The meaning of life, Erdos often said, was to prove and conjecture. Proof and conjecture are the tools with which mathematicians explore the Platonic universe of pure form, a universe that to many of them is as real as the universe in which they must reluctantly make their homes and livings, and far more beautiful. “If numbers aren’t beautiful, I don’t know what is,” Erdos frequently remarked. And although, like all mathematicians, he was forced to make his home in the temporal world, he rejected worldly encumbrances. He had no place on earth called home, nothing resembling a conventional year-round, nine-to-five job, and no family in the usual sense of the word. He arranged his life with only one purpose, to spend areas many hours a day as possible engaged in the essential, life-affirming business of proof and conjecture.

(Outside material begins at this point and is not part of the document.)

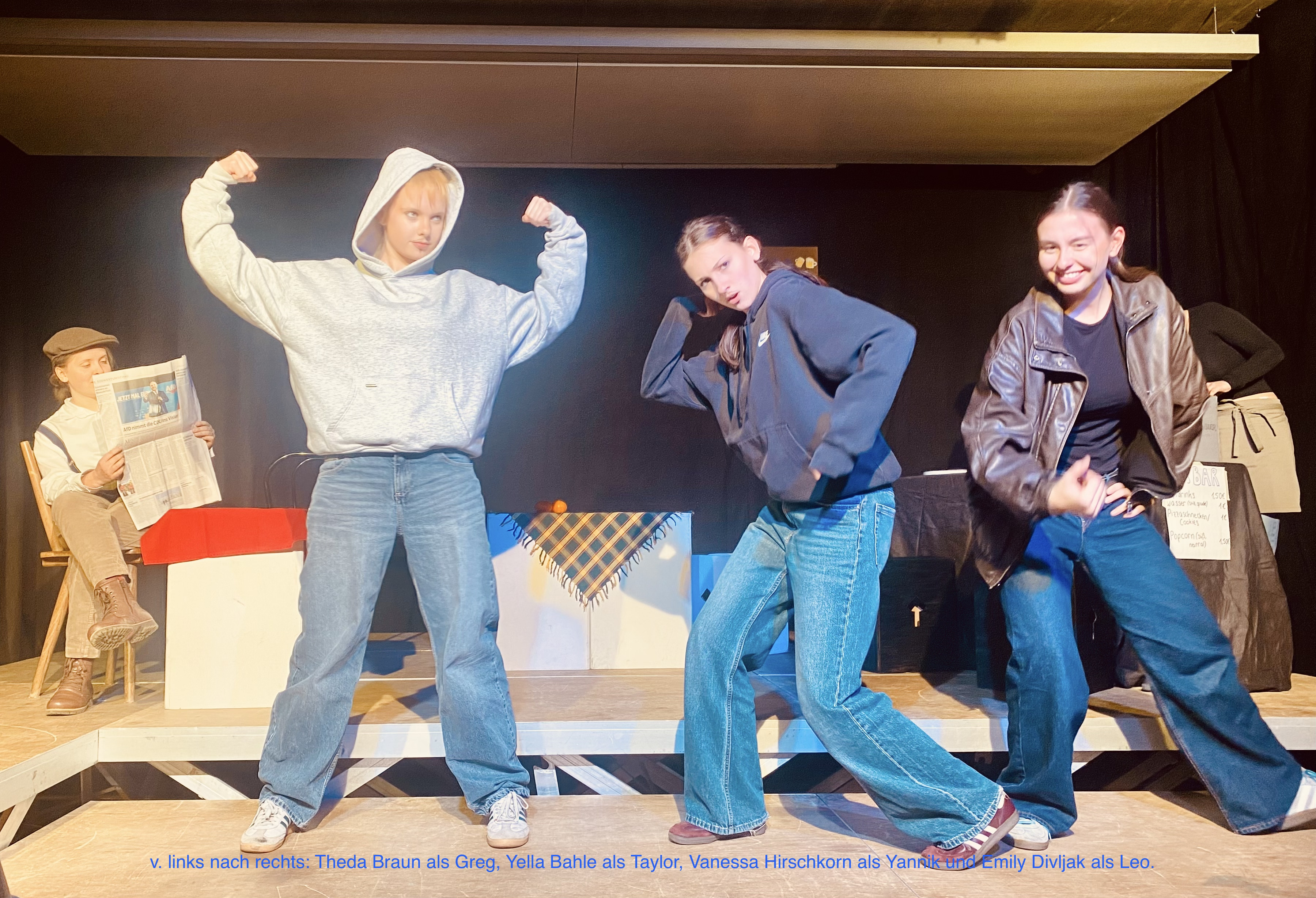 Gestern feierte das selbst entwickelte Stück „UnfassBar“ des Literatur- und Theaterkurses der Jahrgangsstufe 2 unter der Leitung von Frau Heyeckhaus-Porsch Premiere, heute Abend folgt eine weitere Vorstellung. Dass die Aufführung zeitlich auf den Orange Day am 25. November fällt, der weltweit auf Gewalt gegen Frauen aufmerksam macht, unterstreicht die gesellschaftliche Relevanz der Themen, die das Stück prägen: Rollenbilder, Erwartungen und zwischenmenschliche Dynamiken; auch wenn das Stück unabhängig davon entstanden ist. In der als Kneipe gestalteten Szenerie treffen unterschiedliche Figuren immer wieder aufeinander, und Konflikte, Freundschaften, Liebesanbahnungen, aber auch Gewalt und schwierige Familienhierarchien treten deutlich zutage. Da der Kurs ausschließlich aus Schülerinnen besteht, die natürlich auch die männlichen Rollen übernehmen, entfaltet sich die Wirkung eben auch der männlichen Figuren umso eindrücklicher. Das Publikum erlebte einen Abend, der zwischen humorvollen Momenten und nachdenklichen Szenen wechselte. Unterstützt von passender Musik entstand ein lebendiger Theaterabend, bei dem das Engagement und die Spielfreude der Schülerinnen deutlich spürbar wurden. Wer neugierig geworden ist, sollte sich die heutige Vorstellung um 19.30 Uhr in der Aula im Neubau nicht entgehen lassen.

For Erdos, the mathematics that consumed most of his waking hours was not a solitary pursuit but a social activity, a movable feast. One of the greatest mathematical discoveries of the twentieth century was the simple equation that two heads are better than one. Ever since Archimedes traced his circles in sand, mathematicians, for the most part, have laboured alone — that is, until some forgotten soul realized that mathematics could be done anywhere. Only paper and pencil were needed, and those were not strictly essential. A table-cloth would do in a pinch, or the mathematician could carry his equations in his head, like a chessmaster playing blindfolded. Strong coffee, and in Erdos’ case even more powerful stimulants, helped too. Mathematicians began to frequent the coffeehouses of Budapest, Prague, and Paris, which led to the quip often attributed to Erdos:”A mathematician is a machine for turning coffee into theorems.” Increasingly, mathematical papers became the work of two, three, or more collaborators. That radical transformation of how mathematics is created is the result of many factors, not the least of which was the infectious example set by Erdos.

Erdos had more collaborators than most people have acquaintances. He wrote papers with more than 450 collaborators —- the exact number is still not known, since Erdos participated in the creation of new mathematics until the last day of his life, and his collaborators are expected to continue writing and publishing for years. The briefest encounter could lead to a publication — for scores of young mathematicians a publication that could become the cornerstone of their life’s work. He would work with anyone who could keep up with him, the famous or the unknown. Having been a child prodigy himself, he was particularly interested in meeting and helping to develop the talents of young mathematicians. Many of the world’s leading mathematicians owe their careers to an early meeting with Erdos.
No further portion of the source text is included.